I would love to come please!


----------



## OrangeTomato (Apr 20, 2020)

I would also love to stop by if you have the time!


----------



## texas toast (Apr 20, 2020)

I would like to come!


----------



## moomoopickles (Apr 20, 2020)

i would like to visit!!


----------



## doofcake (Apr 20, 2020)

i'd like to come please~


----------



## srednivashtar (Apr 20, 2020)

I let the first three enter and go then take 3 more.


----------



## Bucky42 (Apr 20, 2020)

I would like to come, thank you.


----------



## Garrett (Apr 20, 2020)

Ignore me, I already have this.


----------



## ermis (Apr 20, 2020)

i would like to visiti ff possible!


----------



## P4ND0LF0 (Apr 20, 2020)

When you are able i would love to visit!


----------



## Edge (Apr 20, 2020)

may I come as well?


----------



## srednivashtar (Apr 20, 2020)

Sorry sometimes TBT is acting up and I'm on my phone.

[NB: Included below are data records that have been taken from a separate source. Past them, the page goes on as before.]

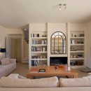 Ground Floor: Open-plan living and dining area with fireplace, large-screen TV, and fully equipped kitchen opening onto the terrace.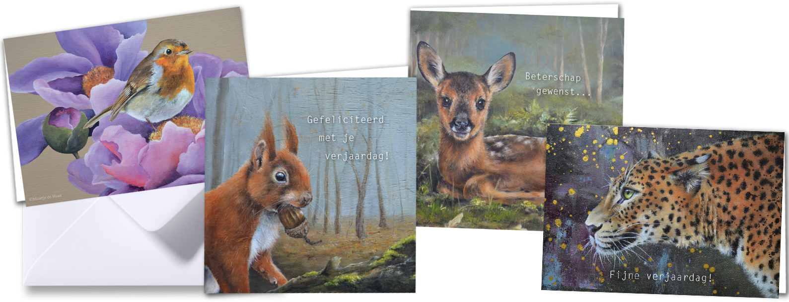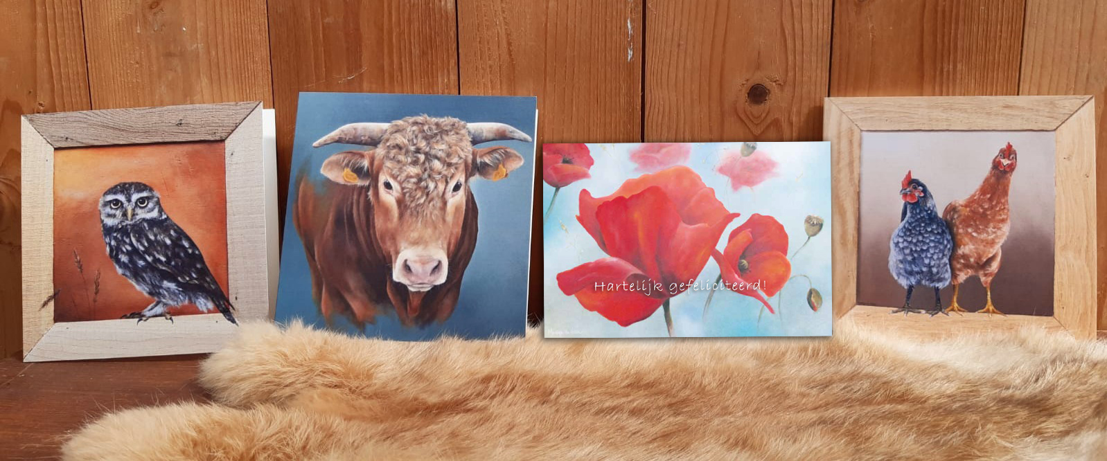In het schilderatelier staat een kaartenmolen gevuld met mijn kunstkaarten; van de originele werken/schilderijen heb ik kaarten laten drukken. In totaal staan er nu 25 verschillende kaarten met blanco binnenzijde. Er zijn twee verschillende modellen/formaten, afhankelijk van de afbeelding; 13 x 13 cm en 10,5 x 14,8 cm.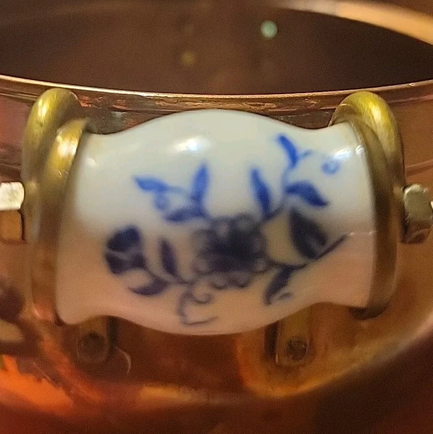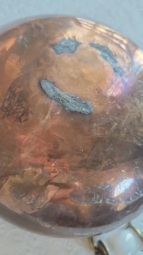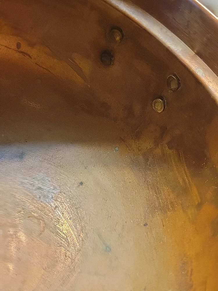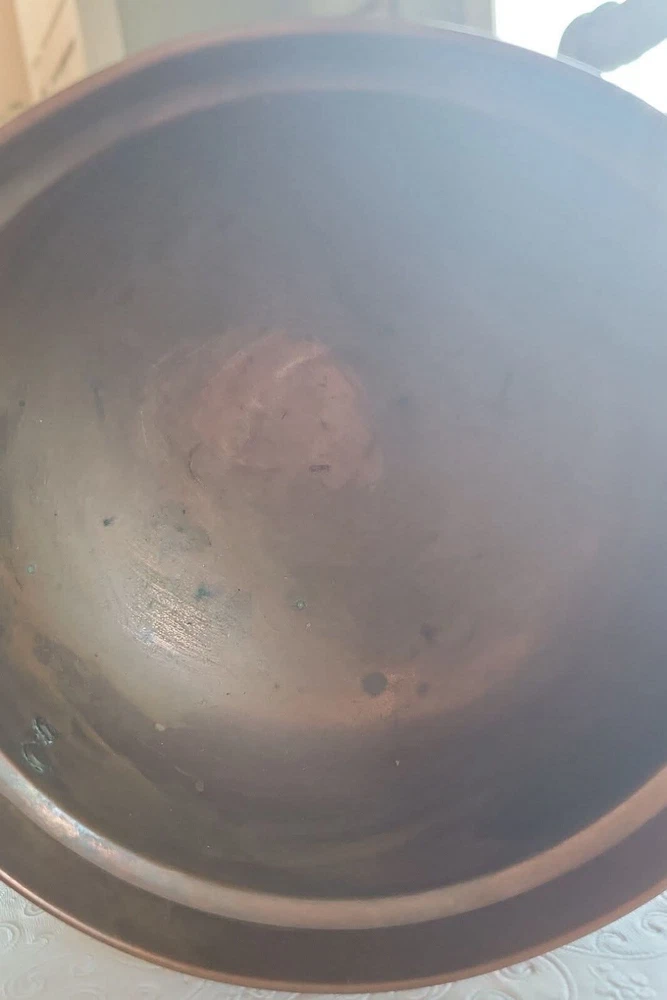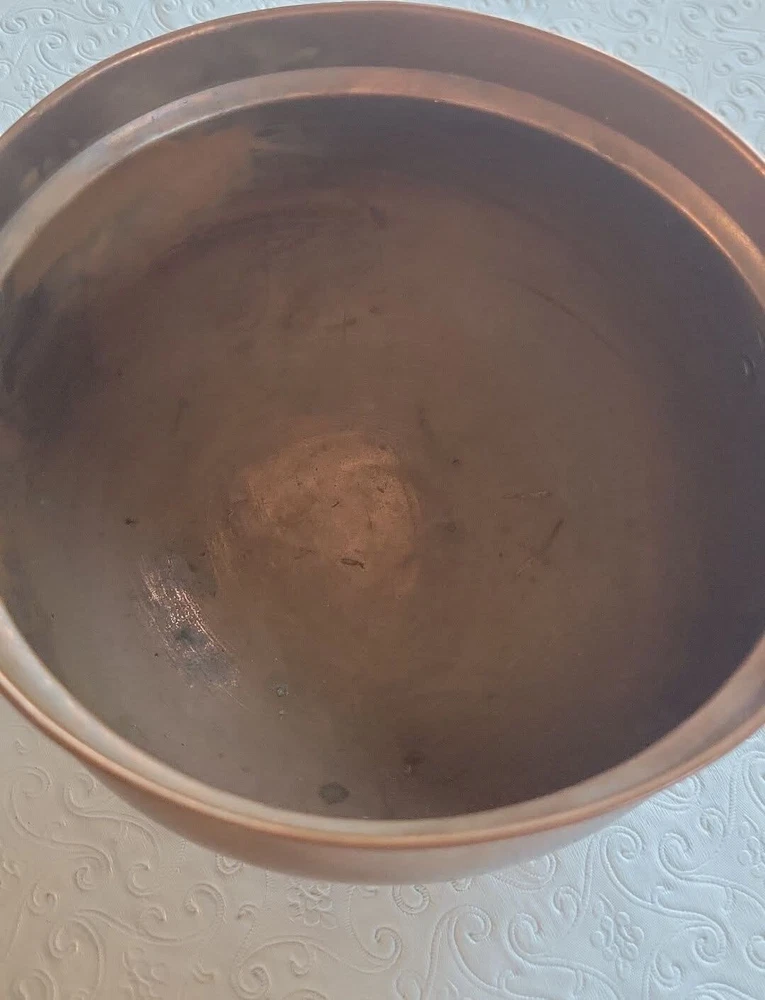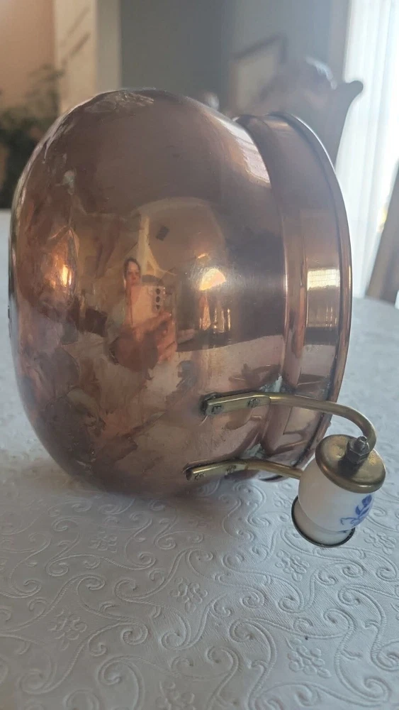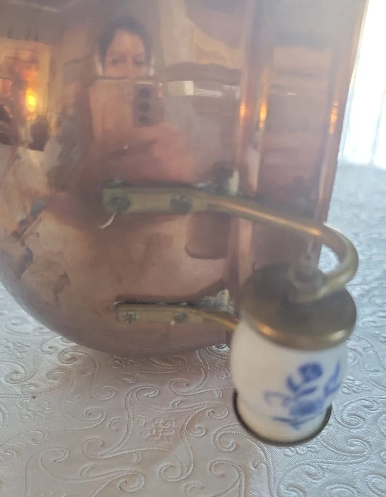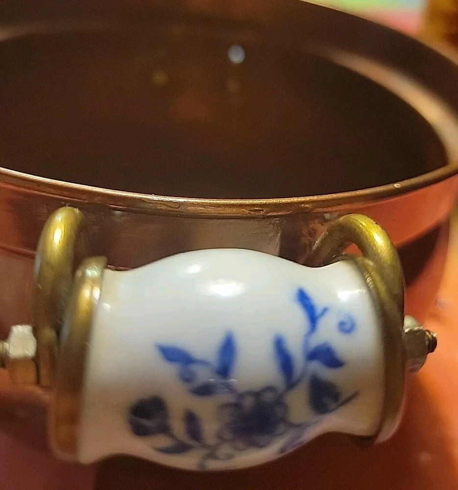 The product is a vintage copper pot with blue and white Delfts porcelain handles from Holland. It serves as a planter or jardiniere, adding a decorative touch to any space. Made of copper, it showcases a traditional Dutch design with a touch of elegance and charm. The pot measures 4 inches tall and 6 inches in diameter. There are oxidized spots throughout. See photos. E- mail me with questions. Thanks for checking out my auctions!

I'll try to be as fast as I can.


----------



## No2Zipper (Apr 20, 2020)

I would love to come


----------



## courtky (Apr 20, 2020)

I'd love to visit!


----------



## sollux (Apr 20, 2020)

i'd like too visit if shes still crafting!


----------



## Chibee (Apr 20, 2020)

If she’s still crafting, I’d like to come too!


----------



## kikotoot (Apr 20, 2020)

I'd love to come!


----------



## cassetticons (Apr 20, 2020)

Please add me to the queue, if she's still at it!


----------



## xiheeet (Apr 20, 2020)

If Reneigh is still crafting, I would love to drop by!


----------



## Shylime (Apr 20, 2020)

If it’s still possible I’d like to come by! :>


----------



## Aeris (Apr 20, 2020)

I'd love to stop by if she's still making it and you're still taking guests. =)


----------



## Jay but not that one (Apr 20, 2020)

Is she still crafting by chance?


----------



## srednivashtar (Apr 20, 2020)

She is still crafting. I'm sending pms and waiting for some people sorry.


----------



## punctuallyAbsent (Apr 20, 2020)

id like to get in line for this please!


----------



## MartijnE (Apr 20, 2020)

I'd like to come!


----------



## Star Crossing (Apr 20, 2020)

I’d like to come!


----------



## nicole8250 (Apr 20, 2020)

I would love to come!


----------



## sheepyton (Apr 20, 2020)

Can I come over?


----------



## srednivashtar (Apr 20, 2020)

She is still crafting but some people don't come so I'm trying my best to judge if I can bypass them or not. Sorry thanks for waiting.


----------



## ribbyn (Apr 20, 2020)

I’m available to come if she’s still crafting!


----------



## srednivashtar (Apr 20, 2020)

She is still crafting. Waiting for some people to arrive.


----------



## Jenny_ysy (Apr 20, 2020)

I'm interested!


----------



## ayla<3 (Apr 20, 2020)

may i come?


----------



## srednivashtar (Apr 20, 2020)

She is still crafting. I'm going to close the thread to make sure everyone is getting in. Thank you so much everyone for your patience and kindness!


----------